### Your task
Please print exactly the lines from the line containing "Шкаф напольный с" through the end of the data, no more, and keep pictures out of the copy.
+===+
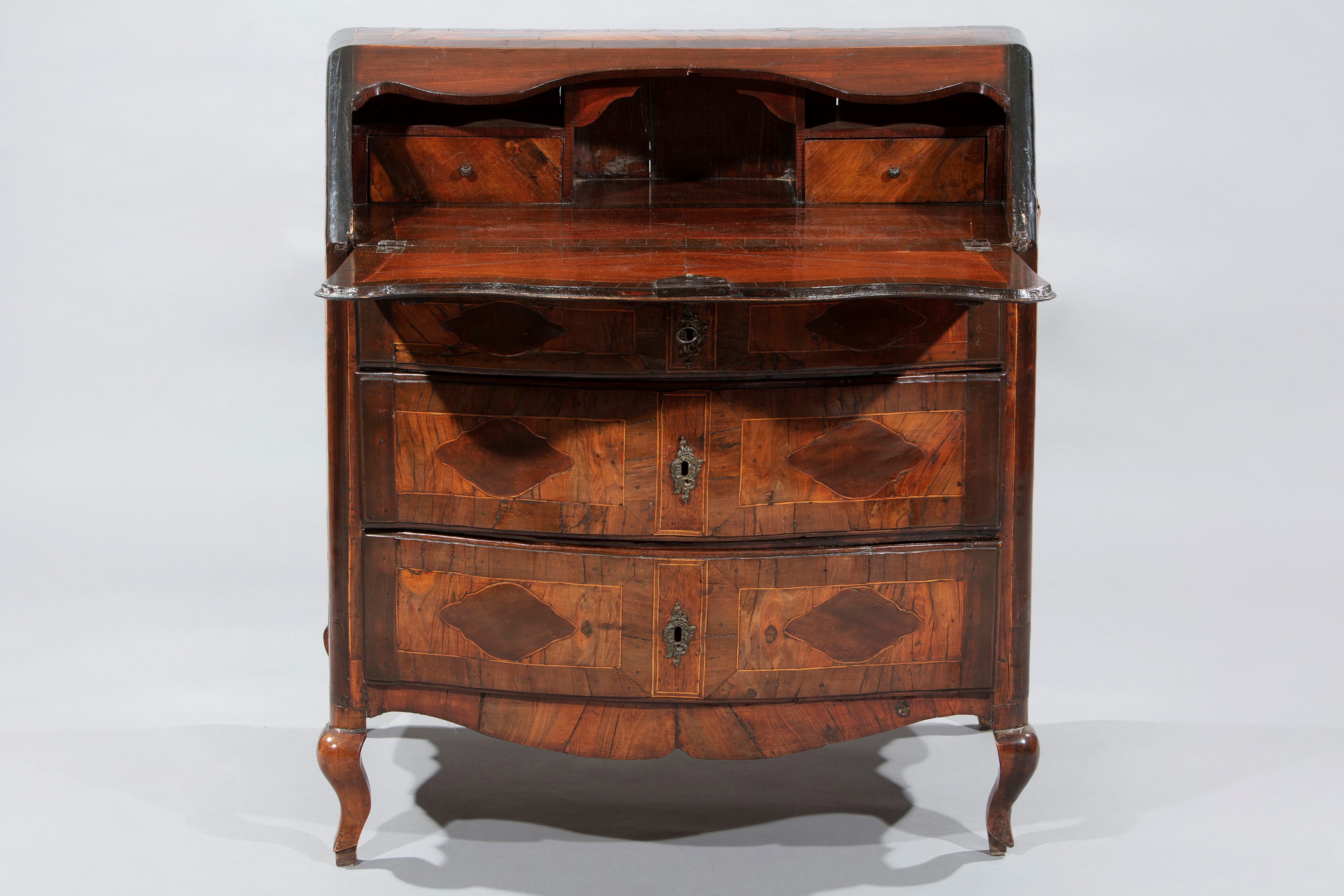fronte bombato a tre cassetti decorati da riserve mistilinee entro pannelli. Nella calatoia due cassetti e tre vani. Grembiale sagomato e fianchi dritti intarsiati con decoro simile al fronte. Gambe mosse. Difetti e restauri.
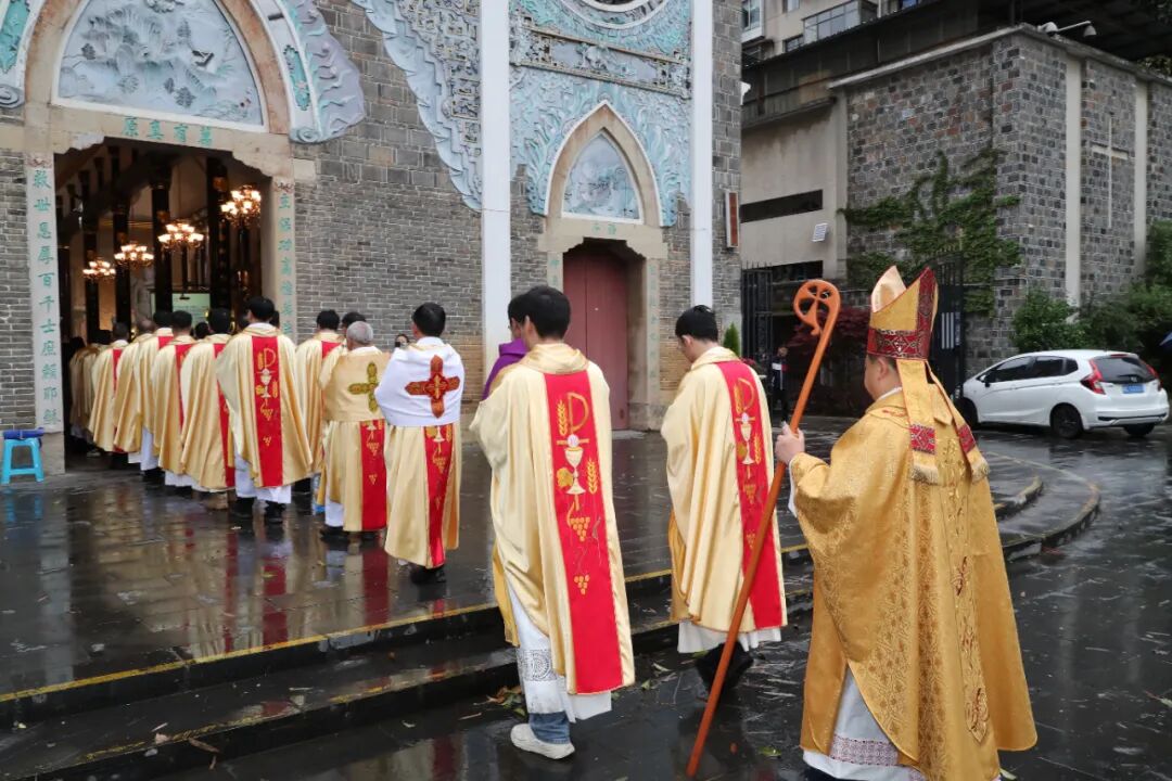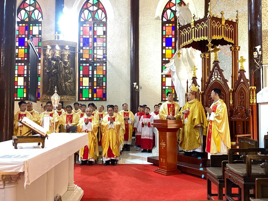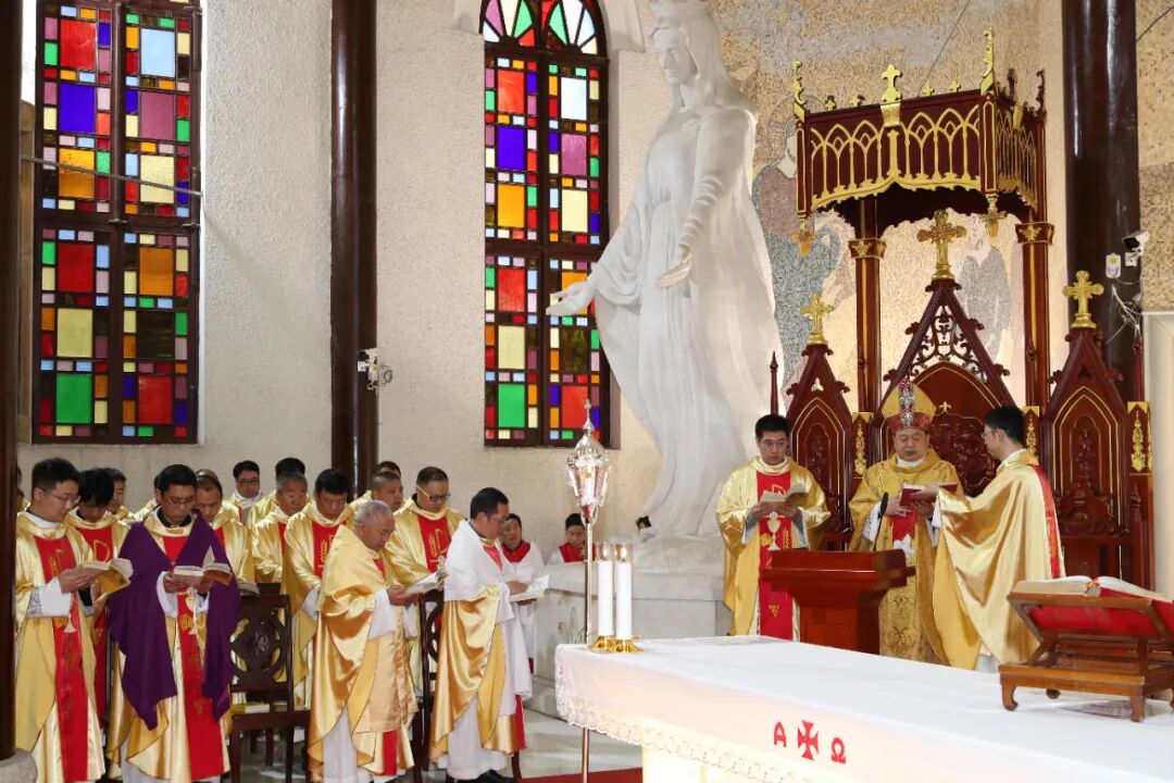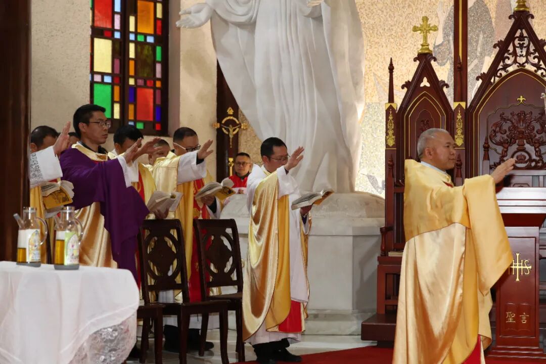 2025年4月12日,天主教贵州教区肖泽江主教携27位司铎和修女、教友们,在贵阳北堂主教座堂举行了隆重的圣油弥撒。为照顾各堂区的牧灵需要及神父修女们的学习安排。
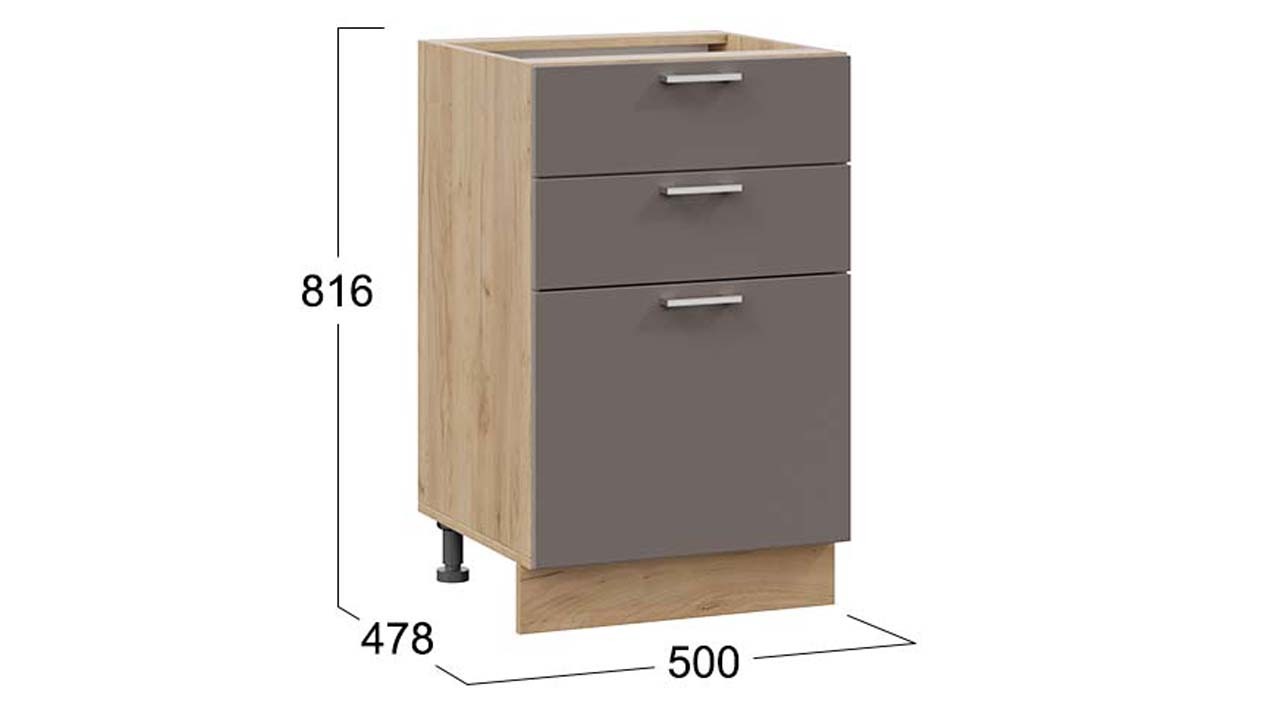 Шкаф напольный с тремя ящиками «Габриэлла» - 1Н5Я3 Дуб Крафт золотой, Муссон – 1 шт.
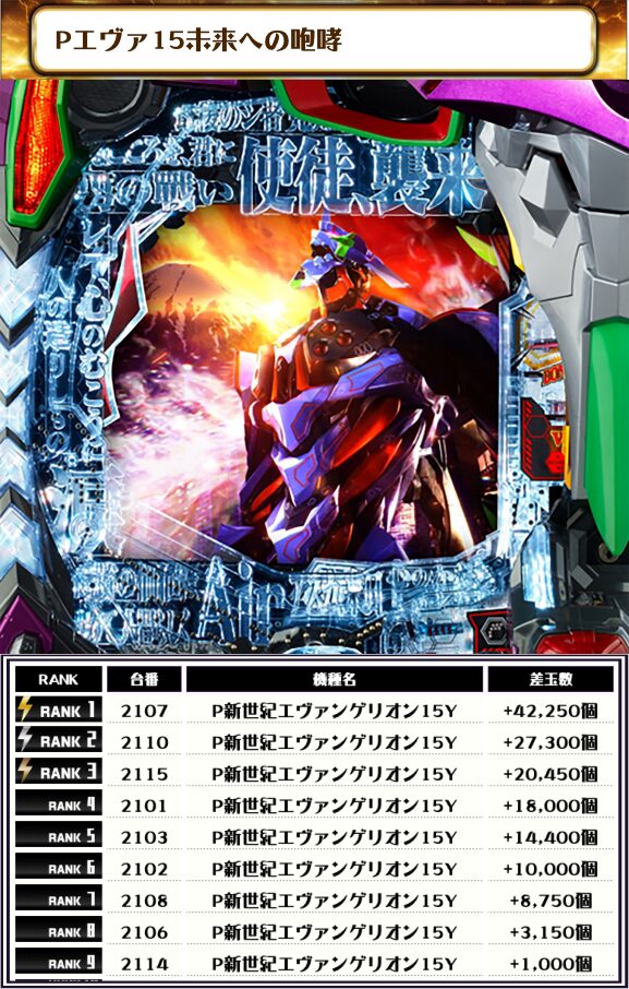 2位には【Pエヴァ15未来への咆哮・2110番台】の+27,300個、3位には【Pエヴァ15未来への咆哮・2115番台】の+20,450個がランクインっ🏆
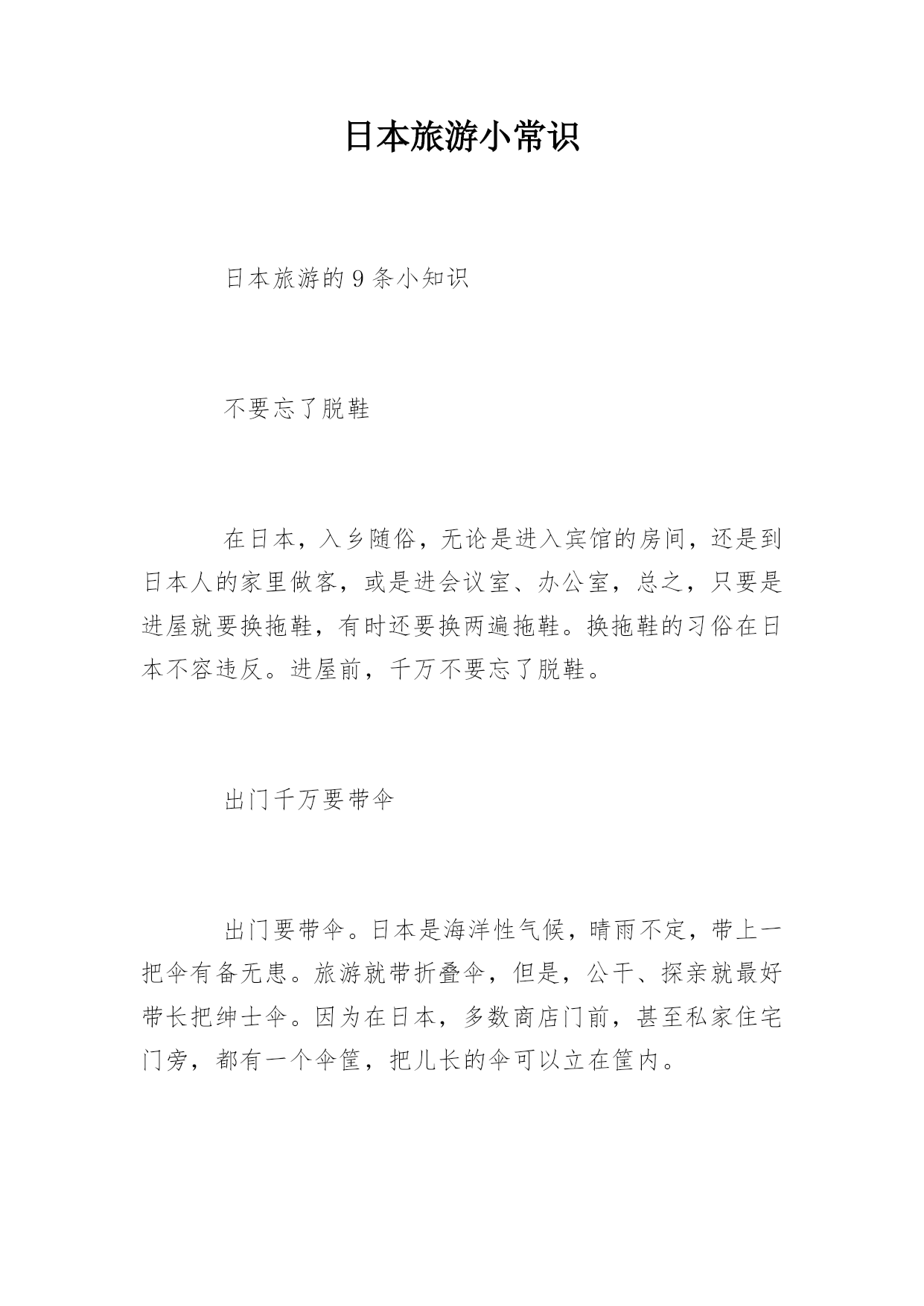 日本旅游小常识日本旅游的9条小知识不要忘了脱鞋在日本,入乡随俗,无论是进入宾馆的房间,还是到日本人的家里做客,或是进会议室、办公室,总之,只要是进屋就要换拖鞋,有时还要换两遍拖鞋。换拖鞋的习俗在日本不容违反。进屋前,千万不要忘了脱鞋。出门千万要带伞出门要带伞。日本是海洋性气候,晴雨不定,带上一把伞有备无患。旅游就带折叠伞,但是,公干、探亲就最好带长把绅士伞。因为在日本,多数商店门前,甚至私家住宅门旁,都有一个伞筐,把儿长的伞可以立在筐内。花钱不用给小费日本和许多亚洲国家一样,没有给小费的习惯。因为大饭店、
+===+
### Reply to the exercise
 Шкаф напольный с тремя ящиками «Габриэлла» - 1Н5Я3 Дуб Крафт золотой, Муссон – 1 шт.
 2位には【Pエヴァ15未来への咆哮・2110番台】の+27,300個、3位には【Pエヴァ15未来への咆哮・2115番台】の+20,450個がランクインっ🏆
 日本旅游小常识日本旅游的9条小知识不要忘了脱鞋在日本,入乡随俗,无论是进入宾馆的房间,还是到日本人的家里做客,或是进会议室、办公室,总之,只要是进屋就要换拖鞋,有时还要换两遍拖鞋。换拖鞋的习俗在日本不容违反。进屋前,千万不要忘了脱鞋。出门千万要带伞出门要带伞。日本是海洋性气候,晴雨不定,带上一把伞有备无患。旅游就带折叠伞,但是,公干、探亲就最好带长把绅士伞。因为在日本,多数商店门前,甚至私家住宅门旁,都有一个伞筐,把儿长的伞可以立在筐内。花钱不用给小费日本和许多亚洲国家一样,没有给小费的习惯。因为大饭店、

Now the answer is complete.